Vente d’armes, déploiement de troupes, recours à des sociétés de sécurité privées. Derrière la vaste offensive économique chinoise, le bruit des bottes se fait désormais entendre, ainsi qu’une inflexion perceptible de sa célèbre politique de « non-ingérence », alors que se réunit cette semaine le sommet Chine/Afrique
En 2017, à Djibouti, lorsque Pékin a inauguré sa première base militaire à l’étranger, beaucoup, au premier rang desquels les américains, s’en sont inquiétés. Il faut dire que le camp chinois n’est qu’à quelques kilomètres du camp Lemonnier, créé après les attentats terroristes du 11 septembre 2001, et où stationnent quelque 4 000 marines. Certains sont impliqués dans des missions très secrètes, notamment des assassinats ciblés de drones au Moyen-Orient et dans la Corne de l’Afrique, et des raids au Yémen. Washington a aussitôt craint une surveillance chinoise de ces activités.
La marine chinoise sera bientôt la première du monde, devant les États-Unis. De fait, « la base de Djibouti constitue un énorme développement stratégique », selon Peter Dutton, professeur d’études stratégiques au Naval War College de Rhode Island : « C’est l’expansion de la puissance navale pour protéger le commerce et les intérêts régionaux de la Chine dans la Corne de l’Afrique, c’est ce que font les pouvoirs expansionnistes. La Chine a tiré des leçons de la Grande-Bretagne il y a 200 ans », a-t-il expliqué au New York Times en 2017. La base de Djibouti faciliterait aussi le transfert d’armes chinoises, disent les experts.
L’Algérie en tète
Les ventes d’armes chinoises aux pays africains ont été multipliées par trois sur la période 2008-2019 par rapport à la décennie précédente. Bon marchés, les équipements militaires chinois ont de plus en plus d’acquéreurs sur le continent, depuis les armées régulières jusque dans les rangs des groupuscules terroristes et rebelles.

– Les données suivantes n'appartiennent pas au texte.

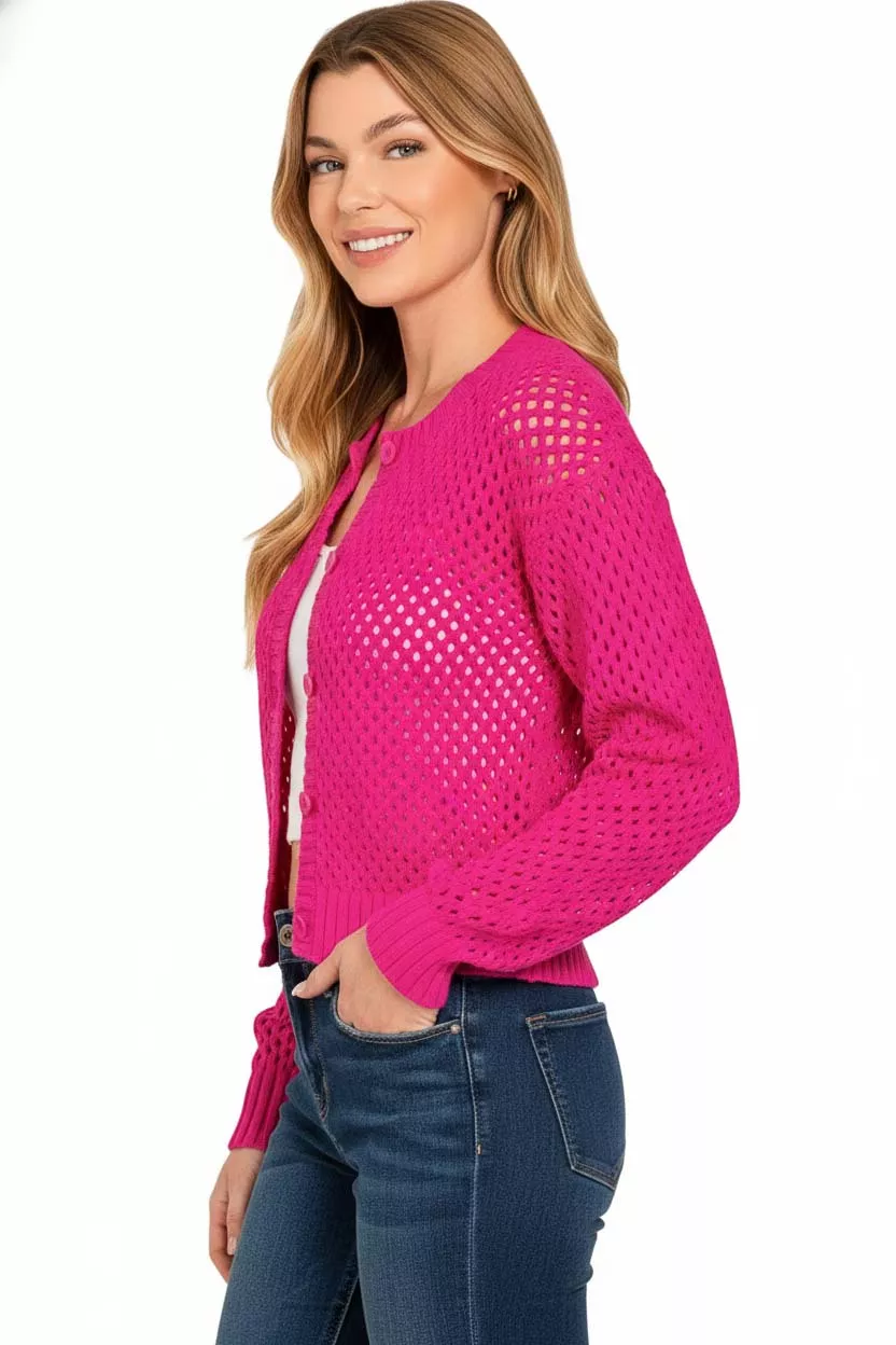 Zenana Button Down Lightweight Crochet Cardigan Sweater

Ainsi des hélicoptères Z-9 en Zambie, mais aussi des lance-roquettes WS-1 dans l’armée soudanaise ou encore des missiles anti-chars Red Arrow-73D chez les voisins du Soudan du Sud et du Darfour. L’Algérie est le premier client africain de la Chine, devant la Tanzanie, le Maroc et le Soudan. Suivent le Nigeria et le Cameroun. Mais « plusieurs États africains sont également les destinataires d’armes légères et de petit calibre chinois, bien que le volume de ces transferts soit absent des statistiques publiques. La Chine s’est opposée à l’inscription de ces armes au Registre des armes classiques des Nations Unies », expliquent les chercheurs Mathieu Duchâtel, Richard Gowan et Manuel Lafont Rapnouil, dans une note de 2016, « Into Africa : Chinese global security shift » (European Council on Foreign Relations, ECFR).

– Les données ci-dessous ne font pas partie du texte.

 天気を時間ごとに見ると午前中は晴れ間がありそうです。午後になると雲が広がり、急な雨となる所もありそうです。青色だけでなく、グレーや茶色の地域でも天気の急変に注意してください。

Selon les chiffres du Stockholm International Peace Research Institute (Sipri), compilés par Mondafrique, avec 3,278 milliards de dollars entre 2008 et 2019, le volume des ventes chinoises reste loin de celui des Russes, premier vendeur d’armes en Afrique avec 15,775 milliards de dollars sur la même période, mais se rapproche du niveaux des États-Unis, deuxième marchand sur le continent avec 5,667 milliards de dollars sur la décennie étudiée.
Pour Andrew Hull et David Markov, de l’Institute for Defense Analyses (IDA), la bascule se situe vers 2010, année où le salon African Aerospace and Defense (AAD) organisée en Afrique du Sud tous les deux ans a accueilli pour la première fois une représentation chinoise importante, avec une dizaine de sociétés sur un pavillon national de 1200 mètres carrés.
Des formations militaires
La présence militaire de la Chine ne se traduit pas seulement par la vente d’armes. « La Chine dispense une formation aux militaires nigérians et camerounais pour leurs opérations contre Boko Haram, et soutient la mission de l’Union africaine contre Al Shabaab en Somalie », lit-on encore dans la note de l’ECFR.
Le chercheur He Wenping, repris dans la note de l’ECFR citée plus haut, dit que « les évènements libyens et soudanais, en 2011, où des ressortissants et des entreprises chinoises ont été pris au dépourvu par des conflits armés meurtriers, ont amorcé le changement de politique africaine de la Chine.